Segment Open

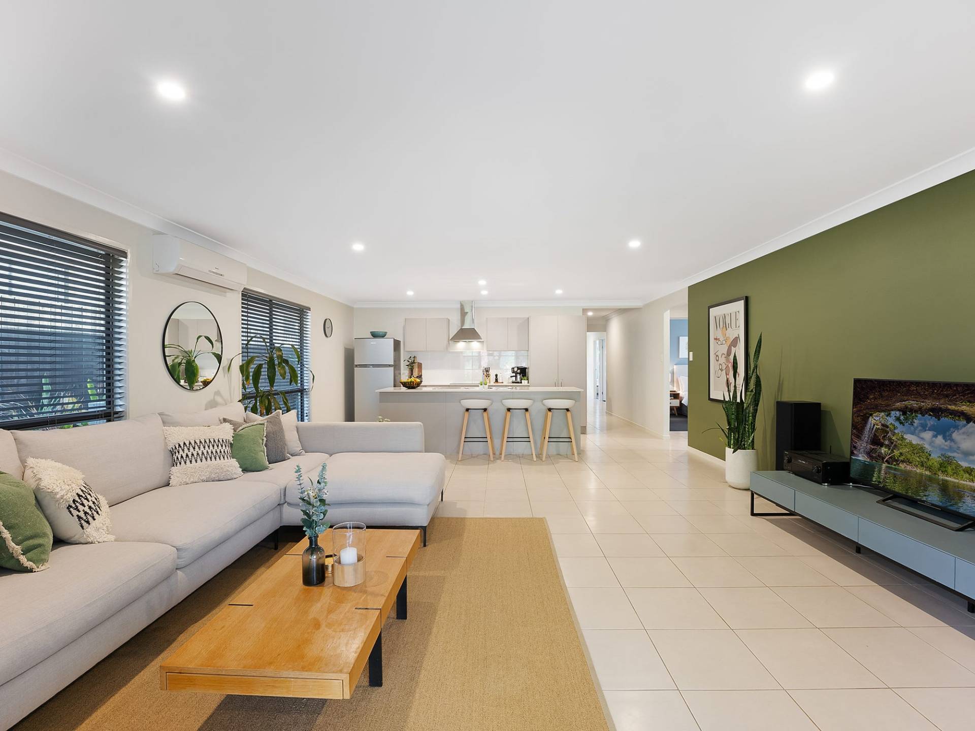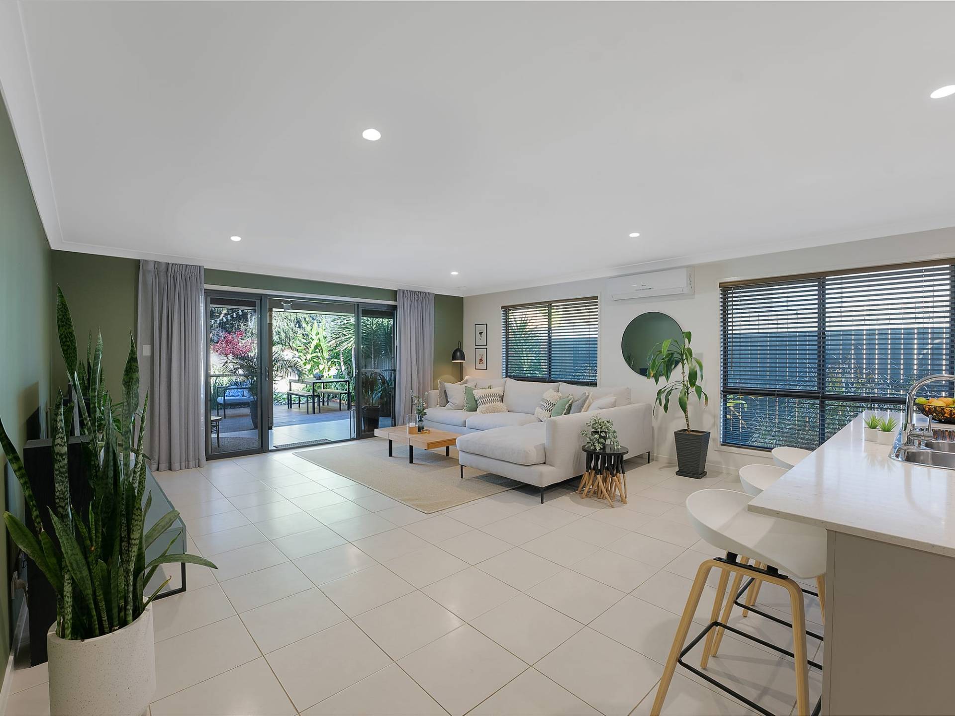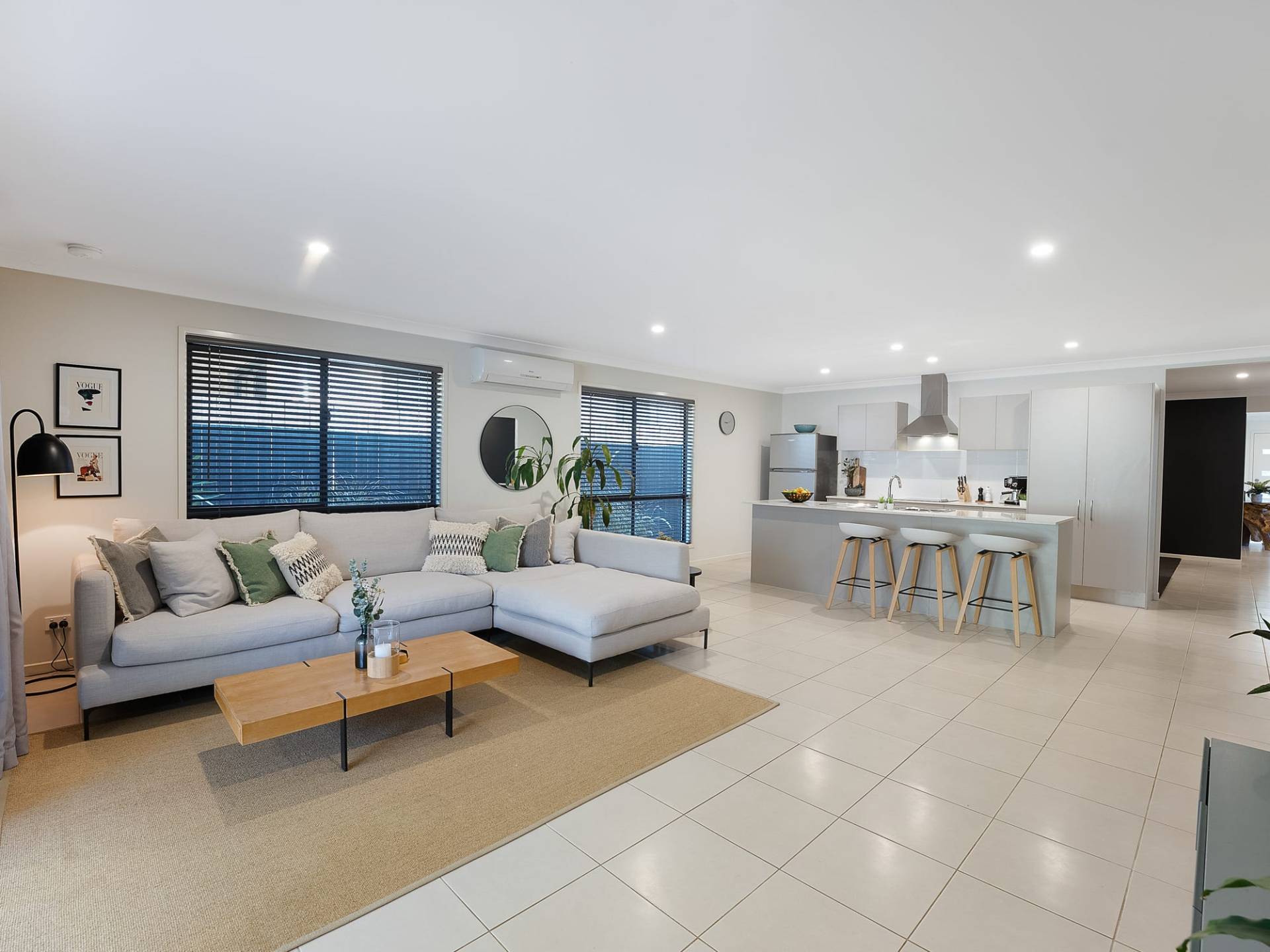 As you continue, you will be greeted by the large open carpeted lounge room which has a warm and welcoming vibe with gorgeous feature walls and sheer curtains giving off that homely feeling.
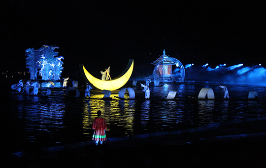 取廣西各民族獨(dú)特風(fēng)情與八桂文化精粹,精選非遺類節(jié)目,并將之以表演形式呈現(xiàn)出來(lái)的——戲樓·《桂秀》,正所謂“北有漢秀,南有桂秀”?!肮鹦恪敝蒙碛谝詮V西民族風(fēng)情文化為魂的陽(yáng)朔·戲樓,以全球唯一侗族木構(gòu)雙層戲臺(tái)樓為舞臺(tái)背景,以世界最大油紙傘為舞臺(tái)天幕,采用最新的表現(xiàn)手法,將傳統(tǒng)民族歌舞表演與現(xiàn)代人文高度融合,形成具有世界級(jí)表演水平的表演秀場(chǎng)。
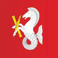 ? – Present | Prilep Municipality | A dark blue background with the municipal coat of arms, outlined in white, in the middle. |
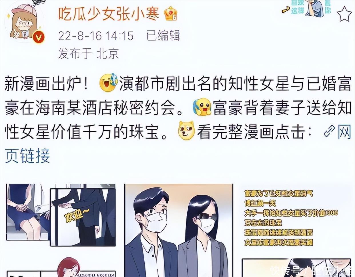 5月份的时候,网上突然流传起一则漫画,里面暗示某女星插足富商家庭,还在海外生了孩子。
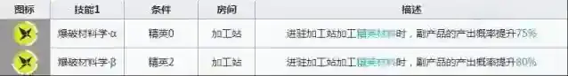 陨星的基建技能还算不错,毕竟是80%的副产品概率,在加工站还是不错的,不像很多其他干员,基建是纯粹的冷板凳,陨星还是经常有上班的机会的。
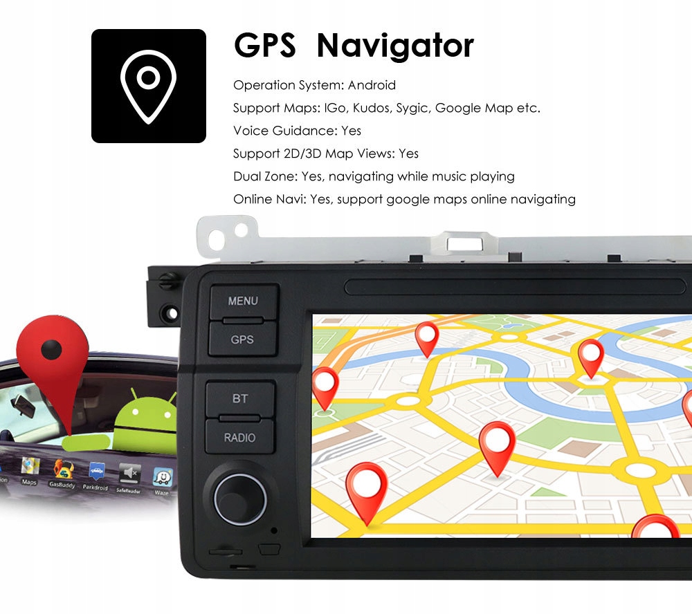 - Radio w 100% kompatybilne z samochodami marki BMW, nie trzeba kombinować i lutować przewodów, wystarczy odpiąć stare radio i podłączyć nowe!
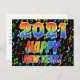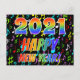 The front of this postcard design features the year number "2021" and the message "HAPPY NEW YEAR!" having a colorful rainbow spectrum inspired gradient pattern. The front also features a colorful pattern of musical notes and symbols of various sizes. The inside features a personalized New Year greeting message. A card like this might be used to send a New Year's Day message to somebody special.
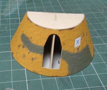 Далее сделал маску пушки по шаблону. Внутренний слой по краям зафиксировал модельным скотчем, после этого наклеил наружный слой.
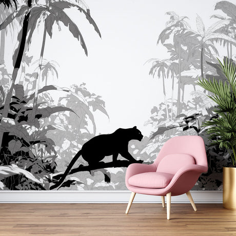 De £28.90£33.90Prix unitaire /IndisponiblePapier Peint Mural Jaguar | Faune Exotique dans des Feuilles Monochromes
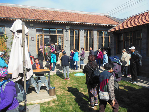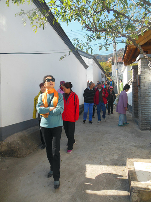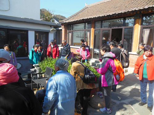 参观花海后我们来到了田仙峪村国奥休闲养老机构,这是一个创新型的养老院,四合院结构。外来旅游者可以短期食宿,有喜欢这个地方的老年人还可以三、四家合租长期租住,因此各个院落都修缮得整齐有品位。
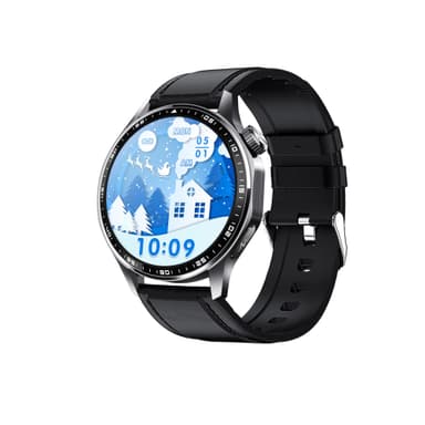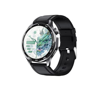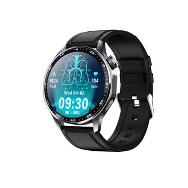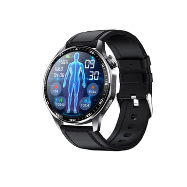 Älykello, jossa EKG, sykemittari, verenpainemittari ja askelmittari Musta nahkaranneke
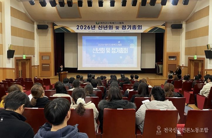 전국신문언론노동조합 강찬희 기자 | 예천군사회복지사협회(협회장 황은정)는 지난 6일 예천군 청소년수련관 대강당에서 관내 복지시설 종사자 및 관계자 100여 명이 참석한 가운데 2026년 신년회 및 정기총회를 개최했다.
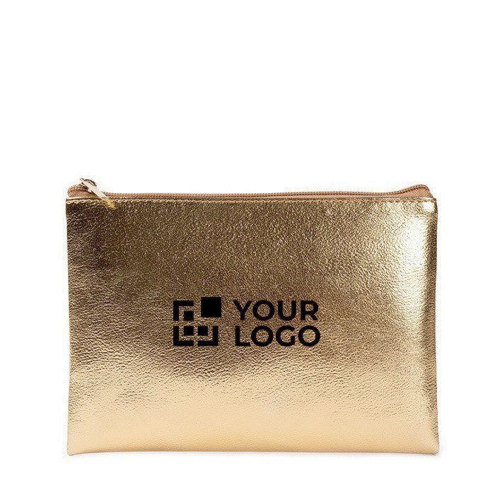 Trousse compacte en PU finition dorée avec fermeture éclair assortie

Segment Closed

◆ THE TASK
Give back, word for word, the lines from the one containing "전국신문언론노동조합 강찬희 기자" through the last line of the listing above; include both ends and exclude the pictures.

◆ ANSWER FOR THE TASK
 전국신문언론노동조합 강찬희 기자 | 예천군사회복지사협회(협회장 황은정)는 지난 6일 예천군 청소년수련관 대강당에서 관내 복지시설 종사자 및 관계자 100여 명이 참석한 가운데 2026년 신년회 및 정기총회를 개최했다.
 Trousse compacte en PU finition dorée avec fermeture éclair assortie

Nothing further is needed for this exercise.